→ WORK TO BE COMPLETED
Skip all pictures. Set down only the lines starting at the line containing "As you can see" and running to the end of the listing.

→ GIVEN DATA

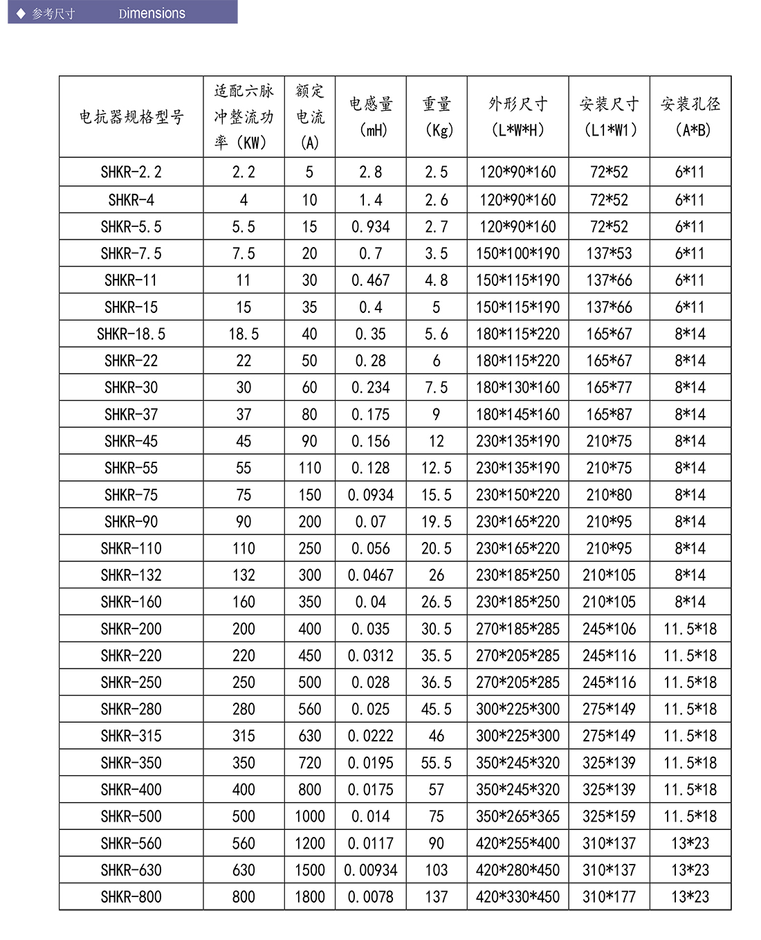 進(jìn)線電抗器SHKR 系列
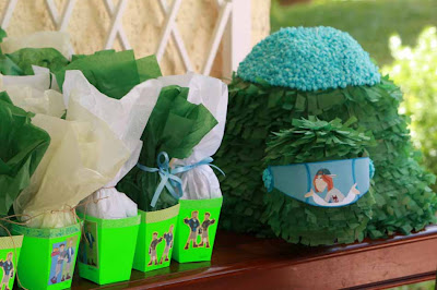 As you can see from the picture, by the time I got to the favour boxes I was totally and absolutely exhausted and could not face another great creative task, so I simply made some popcorn boxes, added the some washi tape to the top, some Wild Kratts to the front, glued tissue paper to the bottom, wrapped the little gifts in it and tied it with ribbon or hemp.
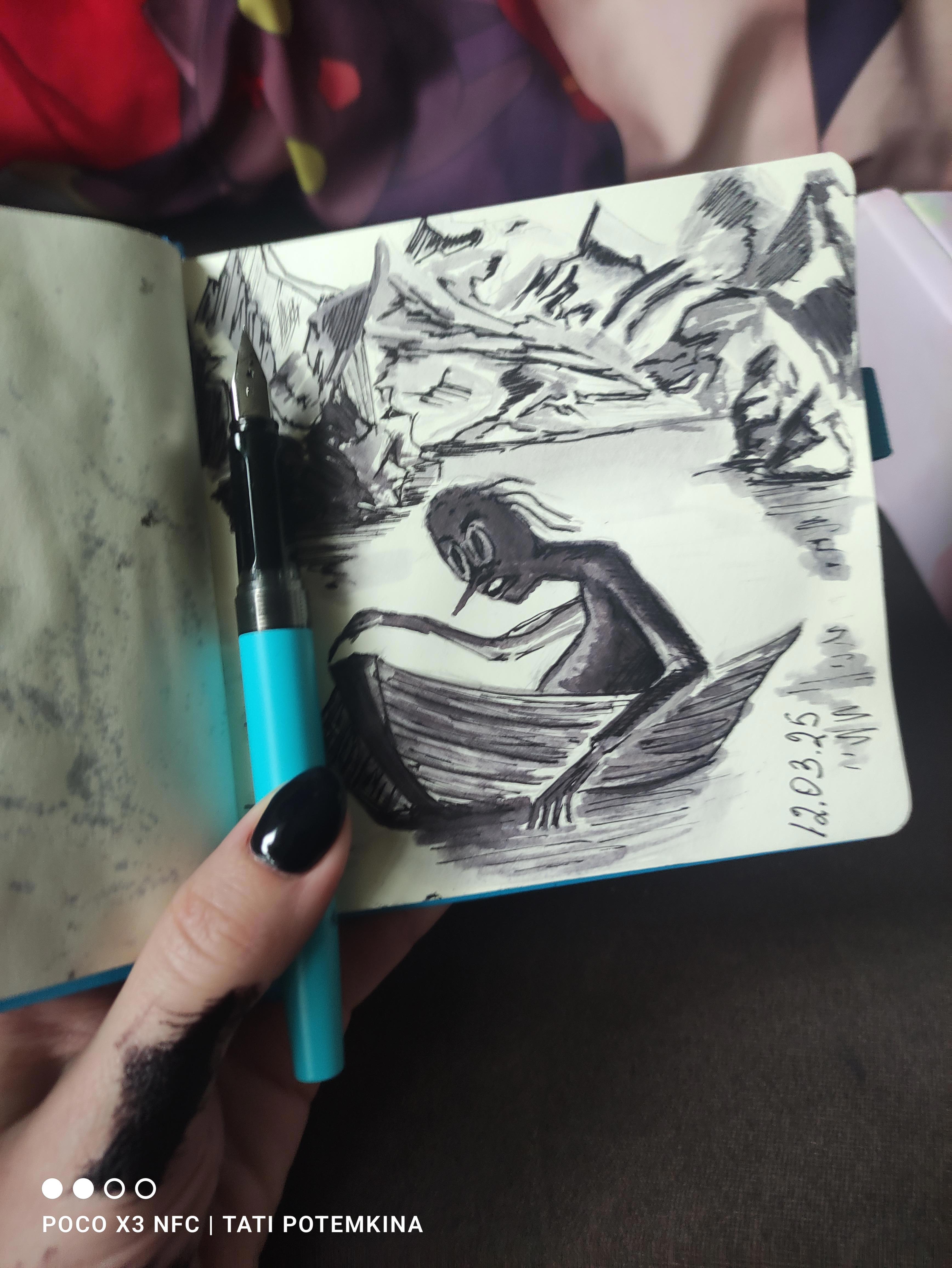 Автор: Tati_PotemkinaПродолжаю преследовать. Не помню какой там день. Слово горизонт. Особо идей не было, но нашла прекрасный референс. Иллюстрация из книги "Хоббит"
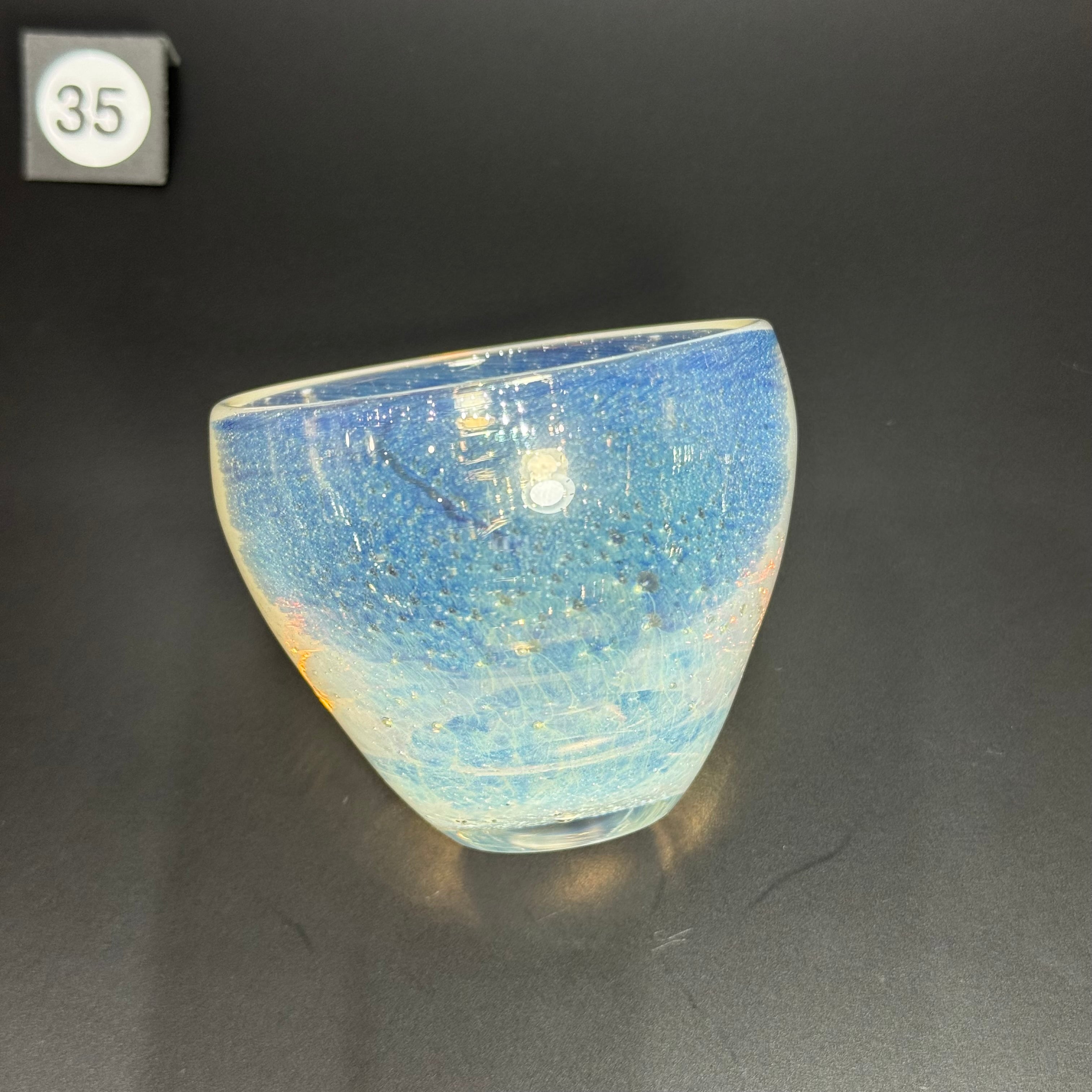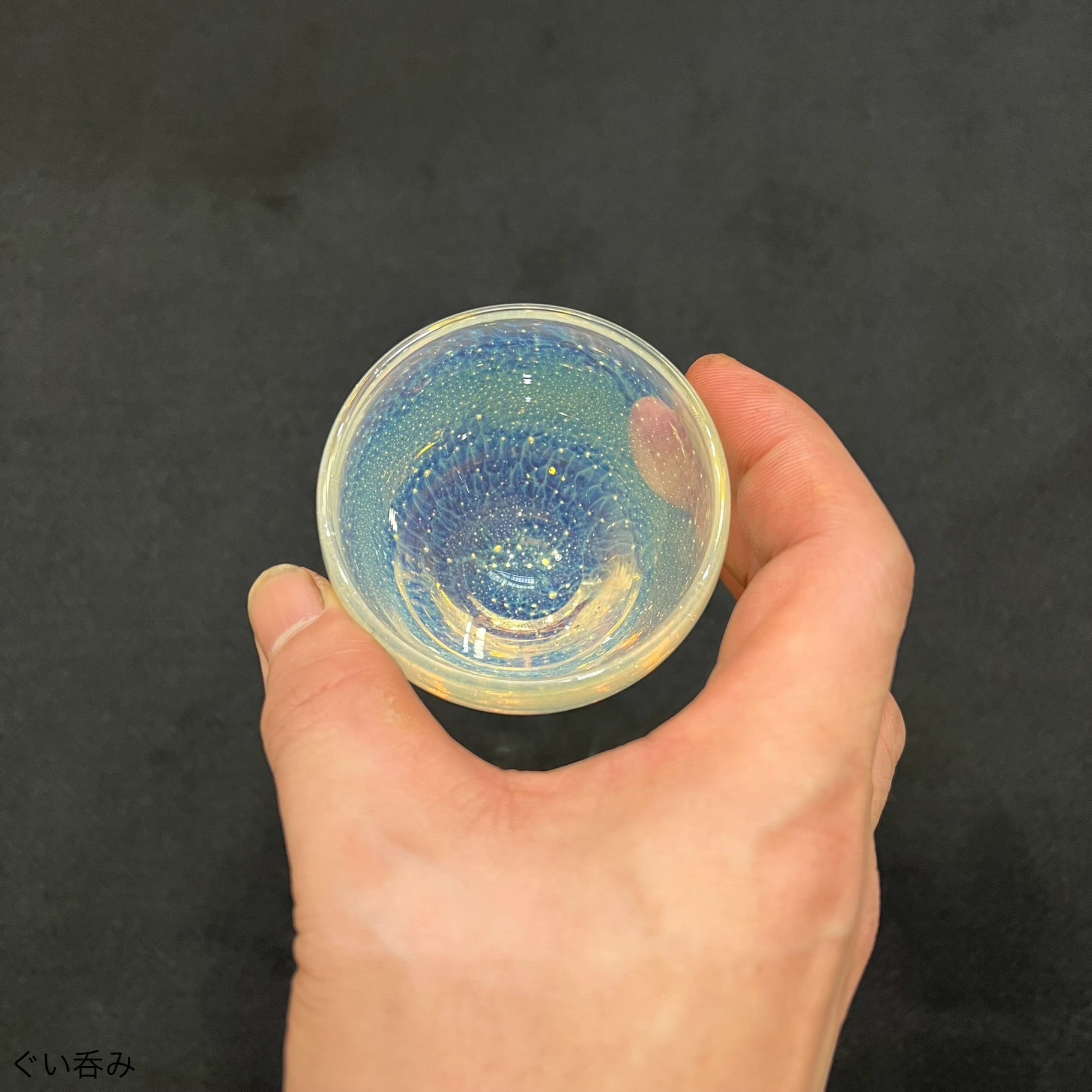 手の中に納まるサイズ感で、厚みのあるガラスが程よい重量感のぐい吞みです。

→ RESPONSE AREA
 As you can see from the picture, by the time I got to the favour boxes I was totally and absolutely exhausted and could not face another great creative task, so I simply made some popcorn boxes, added the some washi tape to the top, some Wild Kratts to the front, glued tissue paper to the bottom, wrapped the little gifts in it and tied it with ribbon or hemp.
 Автор: Tati_PotemkinaПродолжаю преследовать. Не помню какой там день. Слово горизонт. Особо идей не было, но нашла прекрасный референс. Иллюстрация из книги "Хоббит"
 手の中に納まるサイズ感で、厚みのあるガラスが程よい重量感のぐい吞みです。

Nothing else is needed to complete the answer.